- **Work required**
Omit the pictures and copy the entries exactly.

Entries provided section start

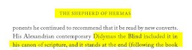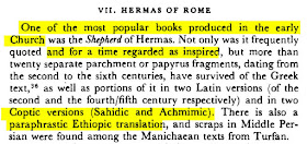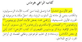 نذهب إلى كتاب الراعي لهرماس، الذي اعتبره البعض من أشهر الأسفار التي تقرأ في القرون الأولى، ومن الأسفار القانونية كذلك، ولا يوجد الآن ضمن أسفار العهد الجديد، بل أخرجت!
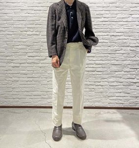 きれいめな仕立てでありつつもリラックス感漂う雰囲気で、ビジネスカジュアルはもちろんオフスタイルでも活躍する一着です。
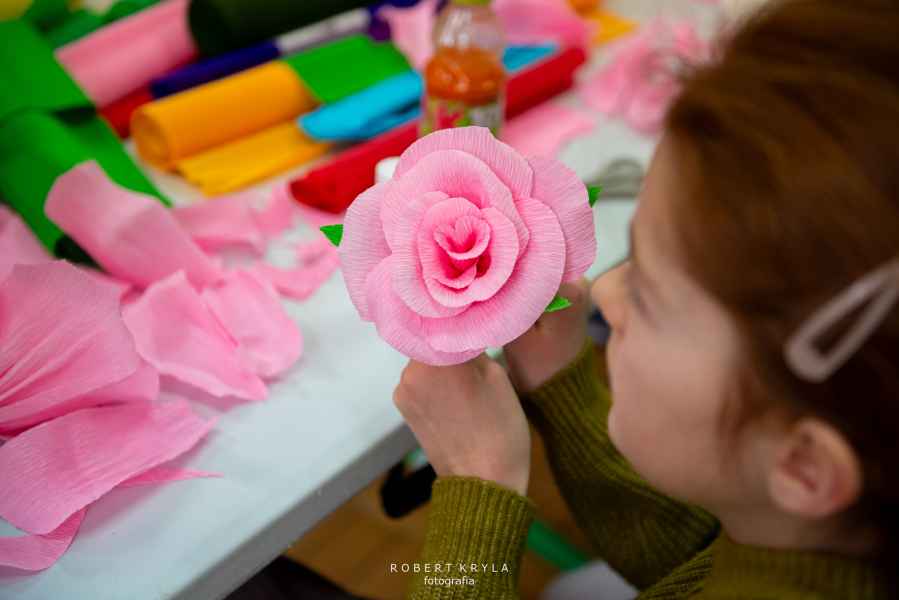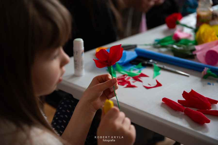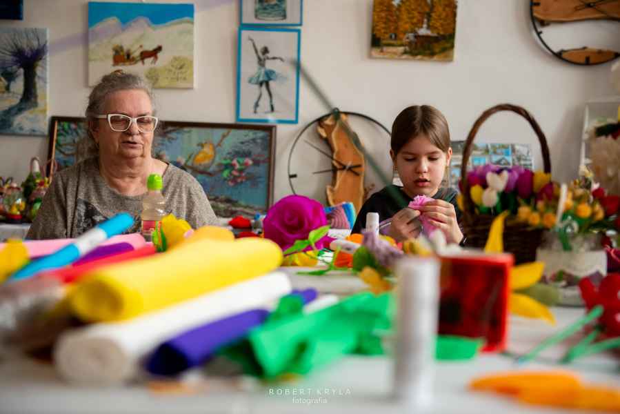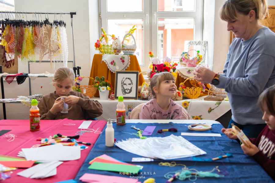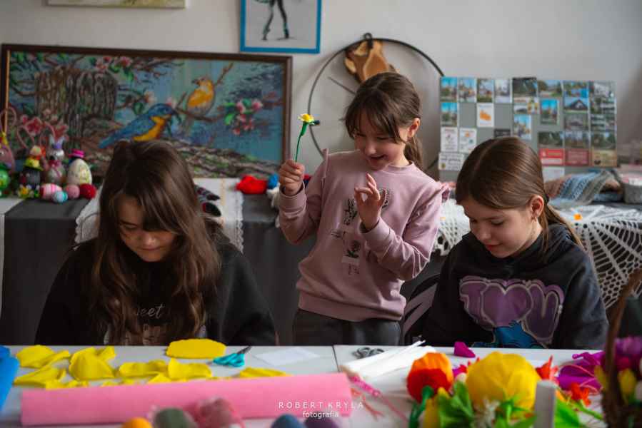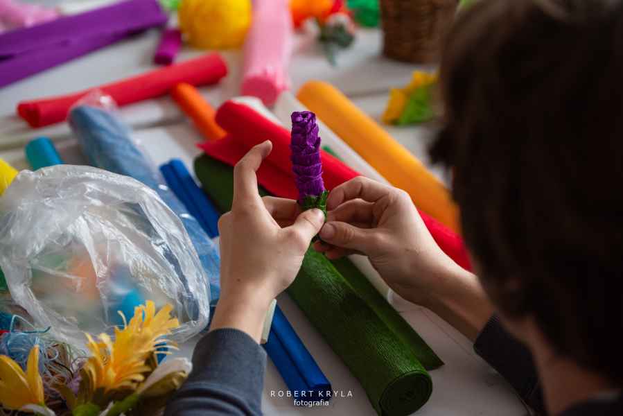 Nie zabrakło również odniesień do lokalnych tradycji. Uczestnicy mieli szansę tworzyć kwiaty z bibuły oraz robić pisanki na szydełku, co przybliżało ich do dawnych zwyczajów kultywowanych w wielu rodzinach. Warsztaty miały wymiar edukacyjny, ukazując bogactwo sztuki ludowej oraz tradycyjnych technik rękodzielniczych.
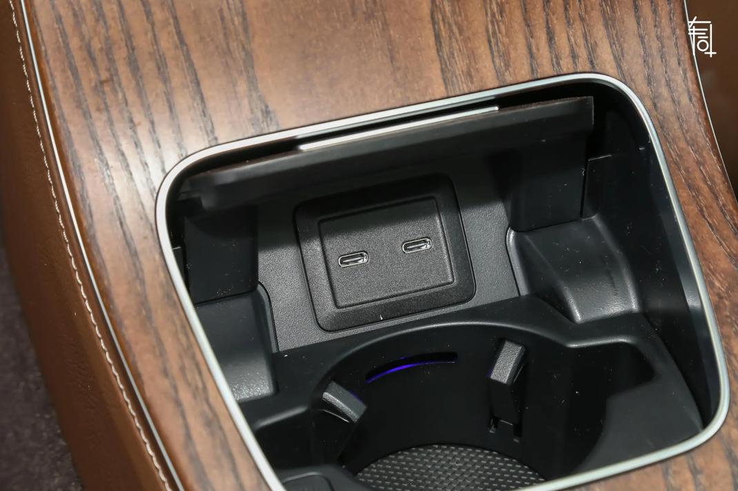 这里的水杯架设计除了增添额外成本之外,也为了弱化突出的地台。保证后排的一致性,但是唯一的不好是,两个Type-C接口在水杯架之内,放置水杯时,线束会同水杯空间产生冲突。
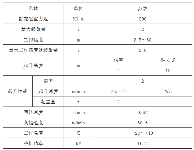 塔機使用狀況的基礎上,通過對各關鍵部件優(yōu)化設計后的一種新型號塔機,該塔機最大起重量2t,最大工作幅度30米,起升高度18米,可以滿足小別墅群及小型建筑施工的需求。
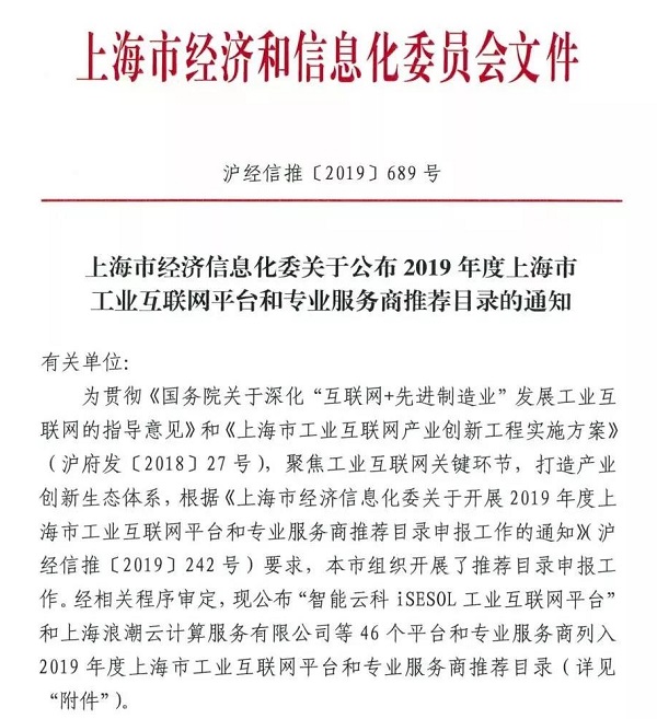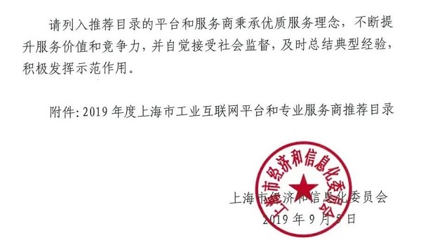 2019年9月,上海市經(jīng)濟(jì)信息化委關(guān)于公布了2019年度上海市工業(yè)互聯(lián)網(wǎng)平臺和專業(yè)服務(wù)商推薦目錄的通知,共計(jì)46個(gè)平臺和專業(yè)服務(wù)商列入2019年度上海市工業(yè)互聯(lián)網(wǎng)平臺和專業(yè)服務(wù)商推薦目錄。

Entries provided section end

- **Result below**
 نذهب إلى كتاب الراعي لهرماس، الذي اعتبره البعض من أشهر الأسفار التي تقرأ في القرون الأولى، ومن الأسفار القانونية كذلك، ولا يوجد الآن ضمن أسفار العهد الجديد، بل أخرجت!
 きれいめな仕立てでありつつもリラックス感漂う雰囲気で、ビジネスカジュアルはもちろんオフスタイルでも活躍する一着です。
 Nie zabrakło również odniesień do lokalnych tradycji. Uczestnicy mieli szansę tworzyć kwiaty z bibuły oraz robić pisanki na szydełku, co przybliżało ich do dawnych zwyczajów kultywowanych w wielu rodzinach. Warsztaty miały wymiar edukacyjny, ukazując bogactwo sztuki ludowej oraz tradycyjnych technik rękodzielniczych.
 这里的水杯架设计除了增添额外成本之外,也为了弱化突出的地台。保证后排的一致性,但是唯一的不好是,两个Type-C接口在水杯架之内,放置水杯时,线束会同水杯空间产生冲突。
 塔機使用狀況的基礎上,通過對各關鍵部件優(yōu)化設計后的一種新型號塔機,該塔機最大起重量2t,最大工作幅度30米,起升高度18米,可以滿足小別墅群及小型建筑施工的需求。
 2019年9月,上海市經(jīng)濟(jì)信息化委關(guān)于公布了2019年度上海市工業(yè)互聯(lián)網(wǎng)平臺和專業(yè)服務(wù)商推薦目錄的通知,共計(jì)46個(gè)平臺和專業(yè)服務(wù)商列入2019年度上海市工業(yè)互聯(lián)網(wǎng)平臺和專業(yè)服務(wù)商推薦目錄。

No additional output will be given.